= South East Area, Ipswich =

The South East Area, Ipswich is one of five administrative areas in Ipswich, through which Ipswich Borough Council divides its spending and enables feedback from local residents, businesses and community groups.

The area is composed of three wards, each represented by three councillors. Each ward is also a Middle Layer Super Output Area (MSOA). As of the 2023 Ipswich Borough Council election, the councillors are as follows:

| Ward | Councillor | Councillor | Councillor | MSOA |
|---|---|---|---|---|
| Gainsborough | James Whatling | Lynne Mortimer | Martin Cook | Ipswich 016 |
| Holywells | Nic El-Safty | George Lankester | Cathy Frost | Ipswich 011 |
| Priory Heath | Roxanne Downes | Owen Bartholomew | Ruman Muhith | Ipswich 014 |

These Councillors form the South East Area Committee of which George Lankester is the chair.

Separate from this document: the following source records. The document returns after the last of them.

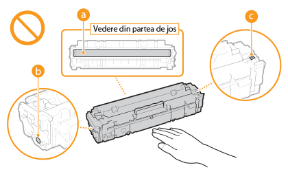 Asigurați-vă că țineți cartușul de toner de mâner.
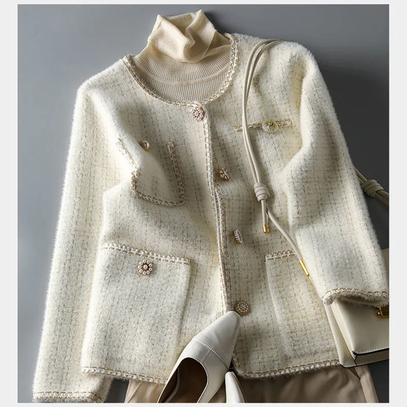 Elegant Crew Neck Soft Mink Cashmere Short Jacket Chic Pearl Button Long Sleeve Design Sweater Cardigan Style Knit Coat
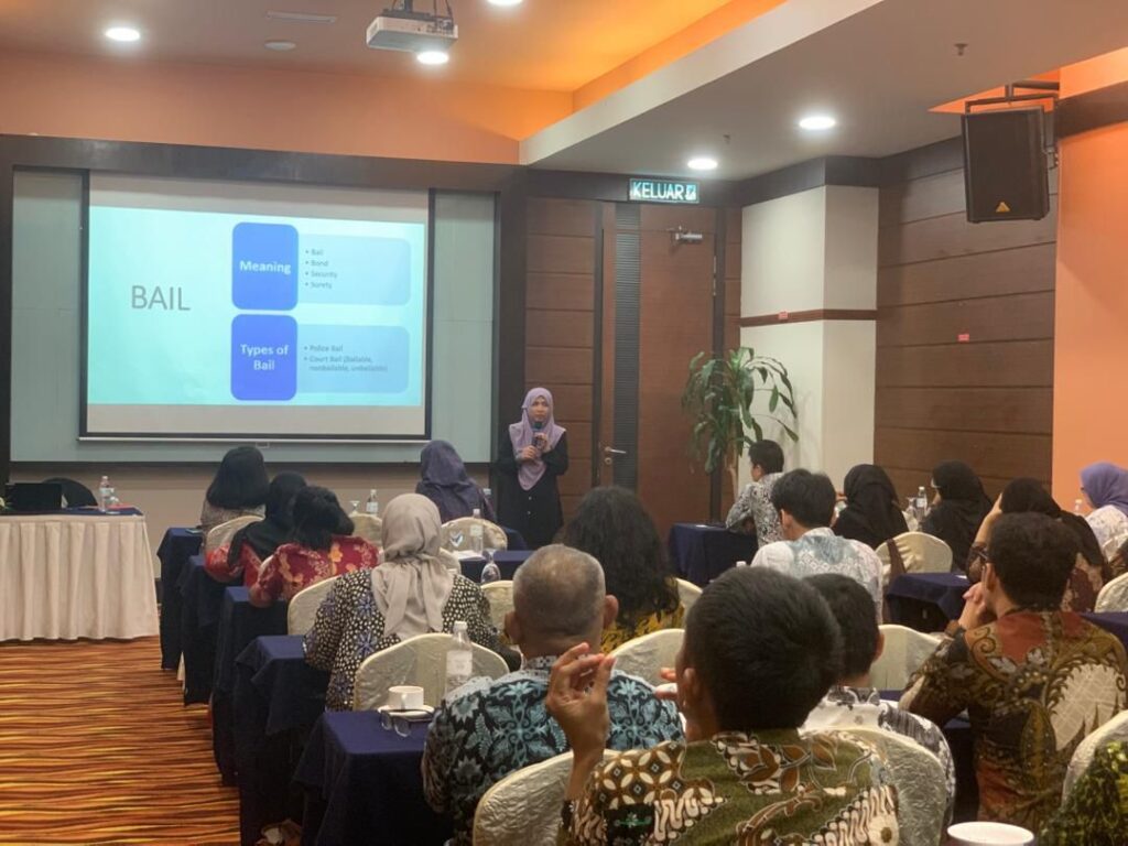On the second day in Nilai, Negeri Sembilan, the focus shifted to the Malaysian criminal justice system. Dr. Nor Hafizah Mohd Badrol Afandi from IIUM introduced the structure and key responsibilities of legal enforcement bodies such as the courts, Royal Malaysia Police, and Immigration Department. Assoc. Prof. Dr. Zuraini Ab Hamid then guided participants through criminal procedure processes including arrest, detention, trial, bail, and access to legal representation. She also provided an important briefing on handling Trafficking in Persons (TPPO) cases, with emphasis on victim assistance and the role of shelters.

Three Suffolk County Council Councillors are co-opted members of the committee. The divisions they represent are either fully or partially in the South East Area.:

| District | Councillor |
|---|---|
| Gainsborough Division, Suffolk | Elizabeth Harsant |
| Priory Heath Division, Suffolk | Lucy Smith |
| St Helen's Division, Suffolk | Elizabeth Johnson |

The area is also covered by a Neighbourhood Watch network which comprises 35 neighbourhood watch schemes.